Dieser Artikel beleuchtet, wie Therapiehunde wirken, welche Vorteile und Grenzen sie haben und unter welchen Bedingungen ihr Einsatz ethisch gut begründet ist und nachhaltig gelingt.
Das Wichtigste in Kürze
- Therapiehunde unterstützen Menschen in Kliniken, Pflege, Psychiatrie und sozialen Kontexten.
- Sie wirken beruhigend, reduzieren Angst, Stress und Einsamkeit.
- Sie fördern positive Emotionen, Offenheit und soziale Interaktion.
- Ihr Einsatz verbessert oft Motivation, Kommunikation und Lebensqualität.
- Wichtig sind eine sorgfältige Ausbildung und ein klar geregeltes Einsatzkonzept.
- Die Bedürfnisse und Grenzen des Hundes müssen stets ernst genommen werden.
- Unter verantwortungsvollen Bedingungen ist Therapiehundearbeit eine sinnvolle Ergänzung zur professionellen Betreuung.
Inhaltsverzeichnis
Was ist ein Therapiehund?
Ein Therapiehund oder auch Therapiebegleithund ist ein speziell ausgebildeter Hund, der gemeinsam mit einer geschulten Bezugsperson therapeutische Maßnahmen unterstützt. Er wird in verschiedenen Bereichen eingesetzt, etwa in Krankenhäusern, Pflegeeinrichtungen oder psychotherapeutischen Praxen. Durch seine ruhige und freundliche Art kann ein Therapiehund dabei helfen, Stress abzubauen, Ängste zu reduzieren und soziale Interaktionen zu fördern. Der Kontakt mit dem Tier wirkt oft beruhigend und motivierend auf Menschen in Therapie und kann den Therapieerfolg positiv beeinflussen. Voraussetzung für den Einsatz sind eine sorgfältige Ausbildung des Hundes sowie regelmäßige Eignungstests und Gesundheitskontrollen.

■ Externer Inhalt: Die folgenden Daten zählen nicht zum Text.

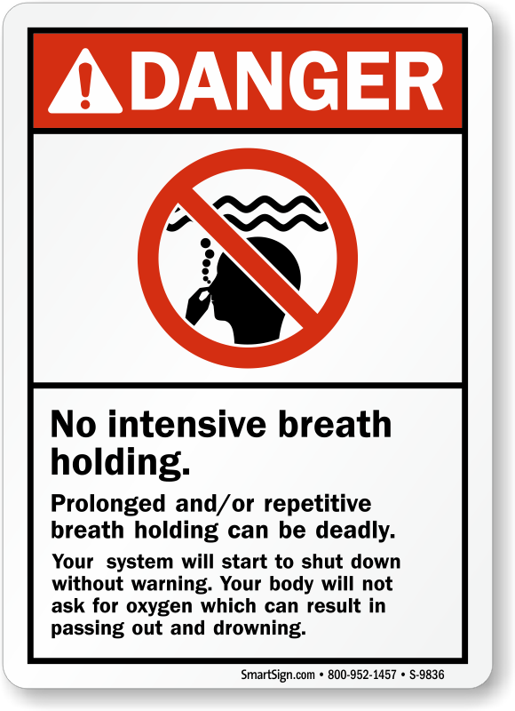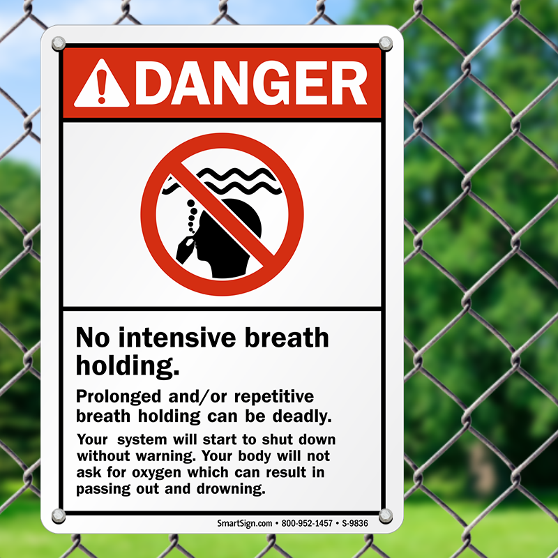 Inexperienced swimmers and kids can engage in breath-holding competitions at pool. Through this bold sign, aware every one of the dangers involved in intensive breath holding and reduce your liabilities.

Therapiehund vs. Assistenzhund – Was ist was?
Der Unterschied zwischen einem Therapiehund und einem Assistenzhund liegt vor allem in Ziel, Ausbildung und Einsatzbereich. Ein Therapiehund unterstützt therapeutische Maßnahmen in Einrichtungen oder an Personen gebunden und arbeitet mit verschiedenen Menschen.
Ein Assistenzhund hingegen ist speziell für eine einzelne Person mit Behinderung ausgebildet und unterstützt sie im Alltag, etwa durch das Öffnen von Türen, das Anzeigen von Geräuschen oder das Begleiten im Straßenverkehr. Während Therapiehunde meist nur im Rahmen organisierter Einsätze arbeiten, dürfen Assistenzhunde ihre Bezugsperson in vielen Alltagssituationen begleiten. Einem Assistenzhund den Zutritt zu bestimmten Orten zu verweigern, ist meist nicht gestattet.
Je nach Quelle unterscheiden sich Therapiehunde von Begleithunden. Während erstere im engeren Sinne als Unterstützung von therapeutischen Berufen tätig sind (also eine tatsächliche Therapie begleiten) können Begleithunde auch ohne therapeutischen Zusammenhang eingesetzt werden sowie in Kindergärten, Seniorenheimen und Behinderteneinrichtungen. Die Grenzen ihrer Tätigkeit verschwimmen jedoch stark. Beispielsweise werden ehrenamtliche Therapiehundeteams meistens in beiden Bereichen eingesetzt.
Was macht ein Therapiehund?
Therapiehunde spielen wichtige Unterstützerrollen in verschiedenen therapeutischen Kontexten. Klassisch sind ehrenamtliche Therapiehundegruppen, die immer aus einem Hund und seiner Bezugsperson bestehen. Auf Anfrage kommen sie zu Gesundheitseinrichtungen, Pflegeheime oder zu pflegebedürftigen nach Hause. Sie begleiten therapeutische Maßnahmen und unterstützen Zielpersonen. Zu ihren Tätigkeiten gehören etwa gemeinsames Spielen, das Animieren zu Bewegungsübungen, das Fördern von Sprache und Konzentration sowie das Schaffen von Nähe und Vertrauen durch Körperkontakt.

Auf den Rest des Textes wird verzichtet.